Data entries
_____

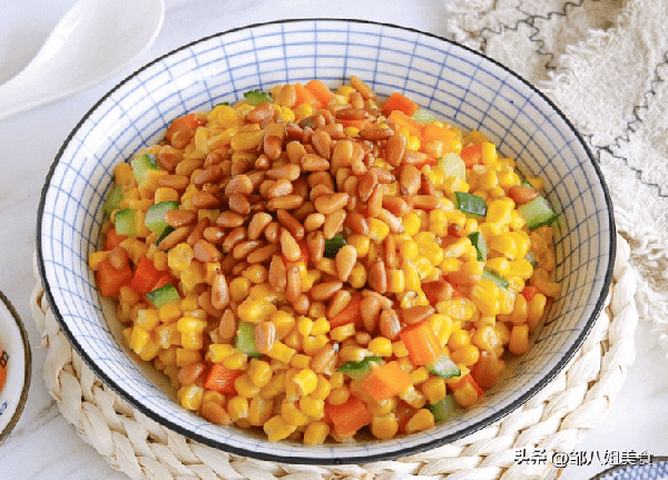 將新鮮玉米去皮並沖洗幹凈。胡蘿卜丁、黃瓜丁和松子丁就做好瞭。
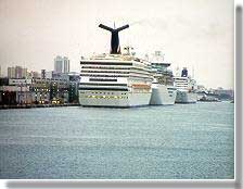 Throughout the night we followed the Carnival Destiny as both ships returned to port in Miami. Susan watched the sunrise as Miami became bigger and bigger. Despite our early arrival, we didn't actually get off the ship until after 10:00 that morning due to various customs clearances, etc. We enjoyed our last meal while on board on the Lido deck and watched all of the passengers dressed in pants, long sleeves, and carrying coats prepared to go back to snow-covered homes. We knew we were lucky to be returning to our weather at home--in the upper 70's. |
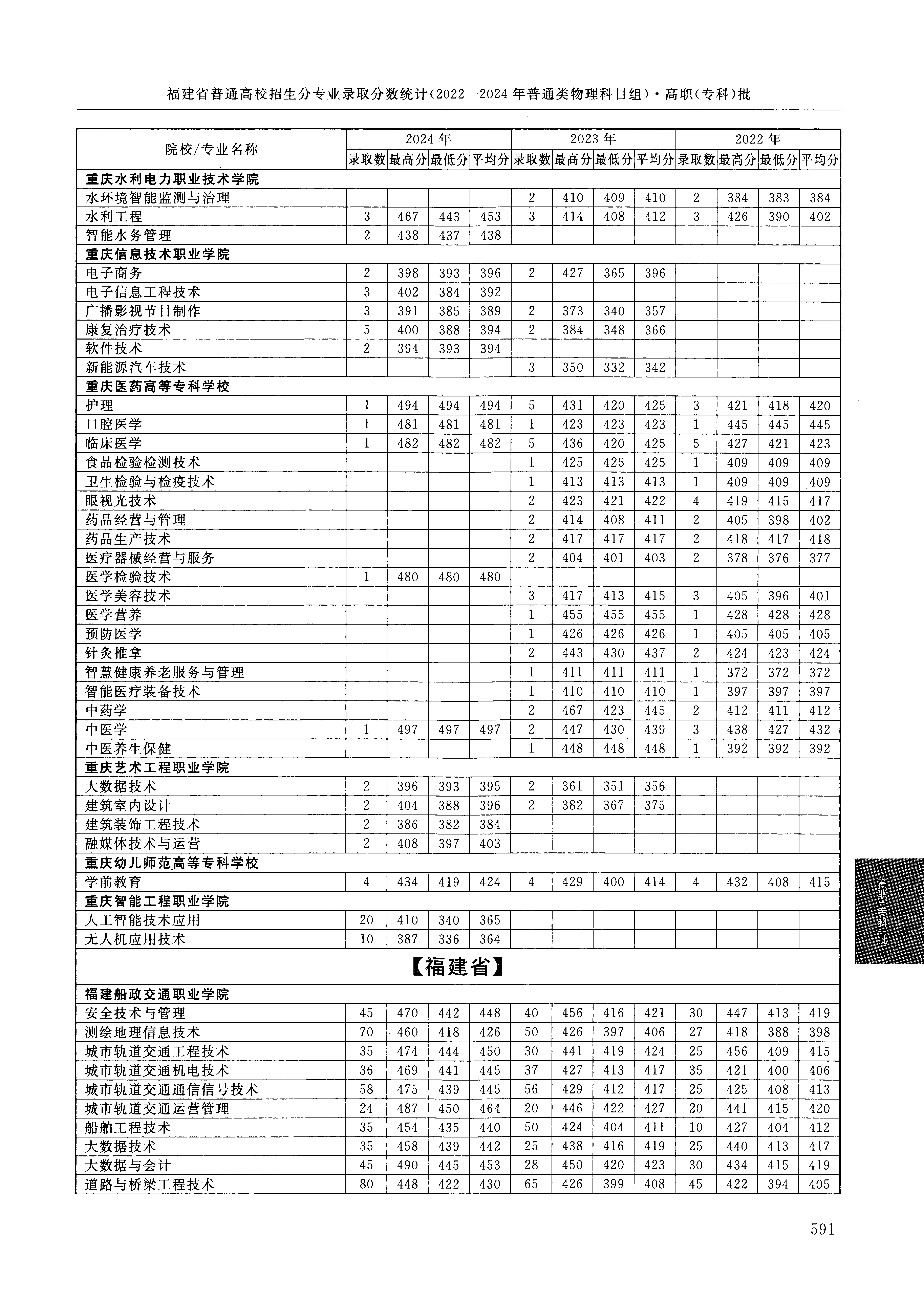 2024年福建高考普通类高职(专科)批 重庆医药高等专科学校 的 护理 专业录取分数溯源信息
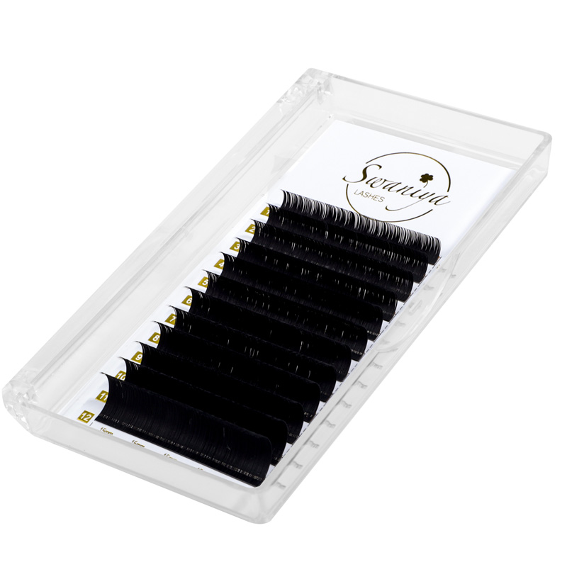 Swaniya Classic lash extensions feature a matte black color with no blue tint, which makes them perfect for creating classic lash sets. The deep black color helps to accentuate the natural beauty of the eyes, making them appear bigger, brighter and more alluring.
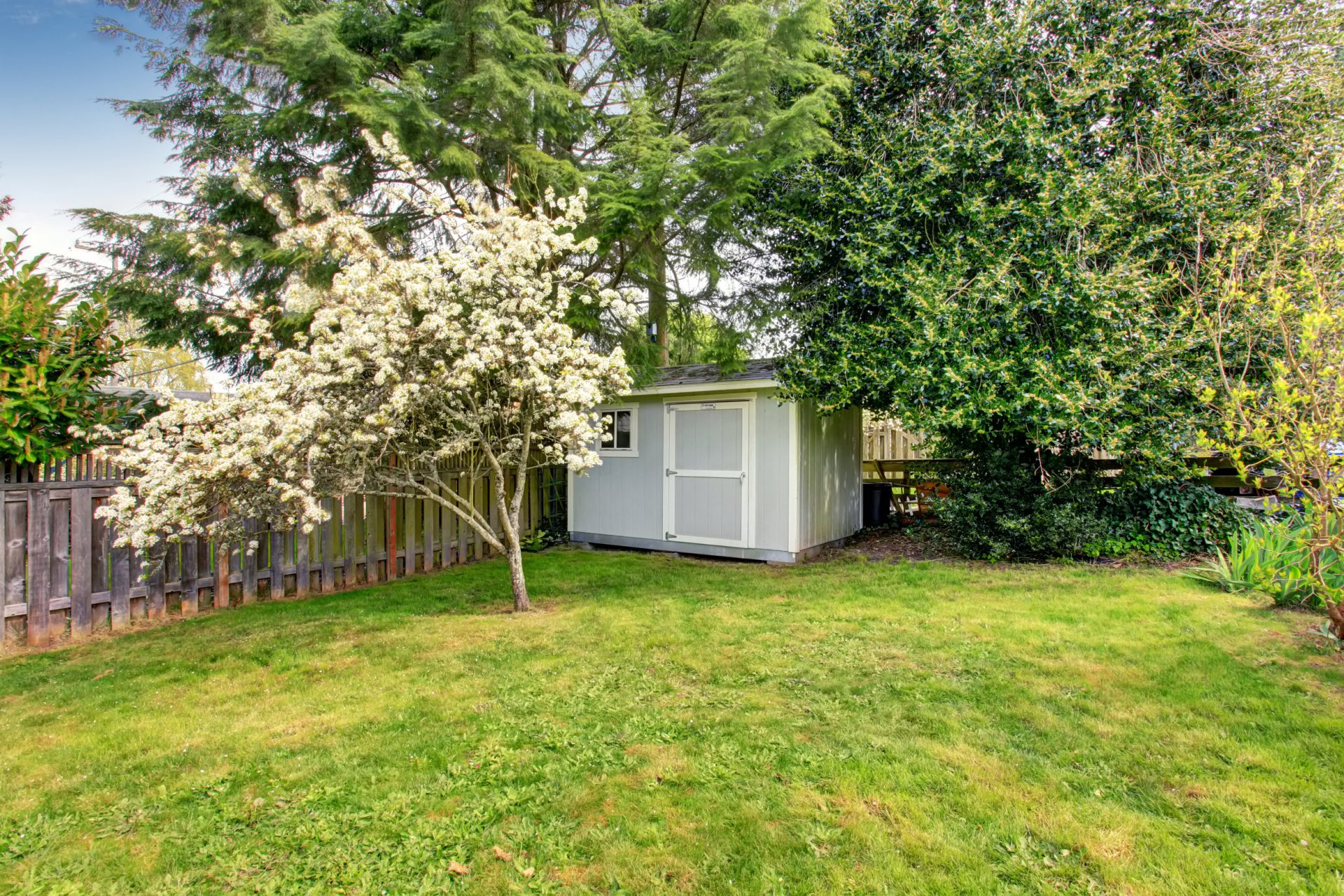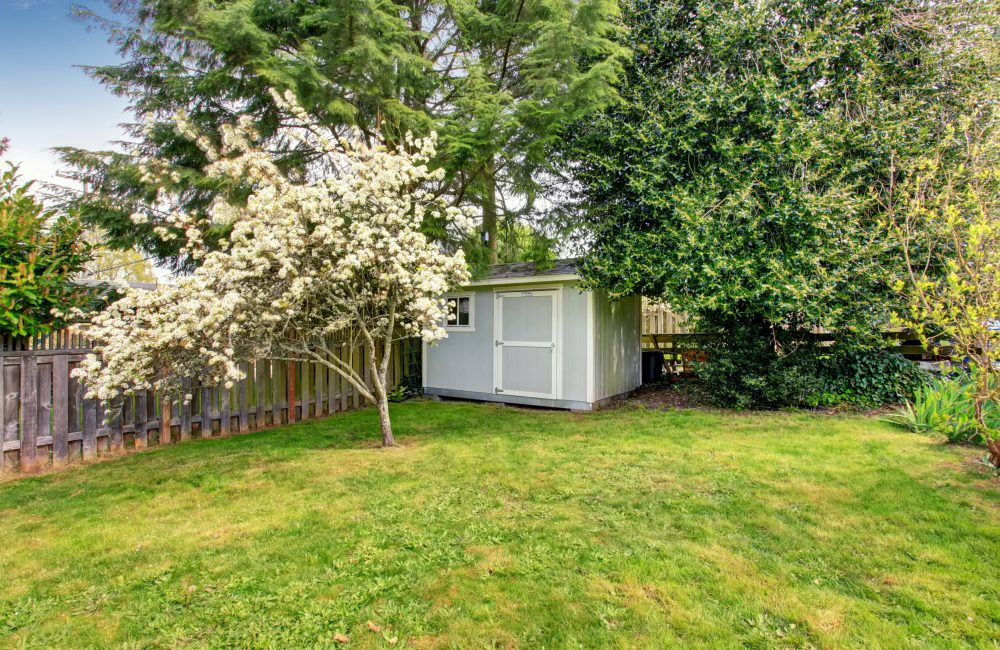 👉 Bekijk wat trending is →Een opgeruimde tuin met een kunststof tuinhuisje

_____

■ **Assignment**
Omit the pictures, then output every record exactly as given.

■ **Response below**
 將新鮮玉米去皮並沖洗幹凈。胡蘿卜丁、黃瓜丁和松子丁就做好瞭。
 Throughout the night we followed the Carnival Destiny as both ships returned to port in Miami. Susan watched the sunrise as Miami became bigger and bigger. Despite our early arrival, we didn't actually get off the ship until after 10:00 that morning due to various customs clearances, etc. We enjoyed our last meal while on board on the Lido deck and watched all of the passengers dressed in pants, long sleeves, and carrying coats prepared to go back to snow-covered homes. We knew we were lucky to be returning to our weather at home--in the upper 70's. |
 2024年福建高考普通类高职(专科)批 重庆医药高等专科学校 的 护理 专业录取分数溯源信息
 Swaniya Classic lash extensions feature a matte black color with no blue tint, which makes them perfect for creating classic lash sets. The deep black color helps to accentuate the natural beauty of the eyes, making them appear bigger, brighter and more alluring.
 👉 Bekijk wat trending is →Een opgeruimde tuin met een kunststof tuinhuisje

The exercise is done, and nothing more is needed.